Добрый вечер коллеги!

У меня проблема в подборе нужной фиксации клеток.

1. Надо учесть трансфекцию по экспресии белка с EGFP.
При фиксации Метанолом снижается кол-во таких клеток.
При фиксации PFA кол-во клеток с EGFP сохраняется.
2. Потом нужно покрасить моноклональными антителами(МКА) с помощью пероксидазного метода.
При фиксации Метанолом окраска есть.
При фиксации PFA окраски нет.

Чем лучше зафиксировать, чтобы потом можно было бы и учесть результат трансфекции по интенсивности и локализации белка с EGFP в уф, а затем покрасить МКА.

И если использовать фиксацию PFA,то на какой стадии ставить пермиабилизацию и с чем?

Если кто-то делал нечто подобное пришлите пожалуйста протокол на wolf252006@yandex.ru
За ранее спасибо.

забудьте про метанол.
он хорошо вымывает GFP (на форуме уже много раз об этом говорили)

http://molbiol.ru/forums/index.php?showtop...%F2%E0%ED%EE%EB

http://molbiol.ru/forums/index.php?showtop...%F2%E0%ED%EE%EB

http://molbiol.ru/forums/index.php?showtop...%F2%E0%ED%EE%EB

Блин...
ВСЕ покраски клеток антителами ведутся ДО фиксации ( кроме внутриклеточных, само собой).

А как быть с уже фиксированными тканевыми образцами.
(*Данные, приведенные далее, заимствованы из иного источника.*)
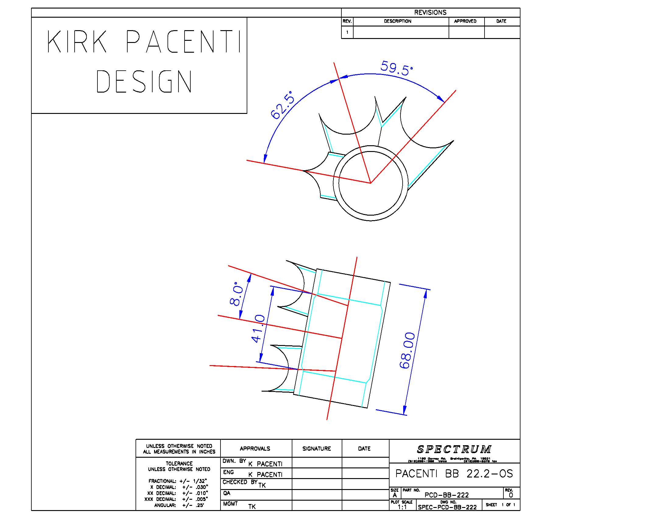 Designed by Kirk Pacenti and Tom Kellogg to offer builders the unique ability to create frames with stiffer chain stays, bottom brackets and rear triangles than oval chain stays offer while enabling improved tire clearance over traditional round chain stay shells. With the exception of the Kirk/Kellogg bottom bracket, 22.2mm Bottom Brackets have not been redesigned since the advent of modern chain lines. During the period when state of the art frames were designed for 5, 6, 7 & 8-speed drivetrains, component manufacturers' designs required very narrow chain lines which in turn required narrow-set chain stays. Those chain lines went away many years ago but there was no effort to alter shell designs until Kirk and I did so.

Кстати, можно ли из парафинизированных тканевых образцов приготовить суспензию клеток для последующей прокраски поверхностных белков антителами (для проточной цитофлуориметрии)?

Для Дядя ФАКСер
Проблема заключается в том, что после покраски МКА, бесполезно пытаться посмотреть локализацию и степень интенсивности свечения моего белка к которому прикреплен EGFP. У нас в лаборатории к сожалению нет инвертированного УФ-микроскопа,поэтому приходиться ставить трансфекцию в 24-х луночной панели со стеклами,чтобы учитывать результаты трансфекции в водоимуссионном микроскопе. Поэтому приходиться сначало фиксировать, учитывать локализацию и степень интенсивности свечения,а потом красить.

Нет

А на проточке попробовать? И не с пероксидазными, а с флуоресцентными коньюгатами? Вы же в Москве- договоритесь с людьми, у кого цитометр есть.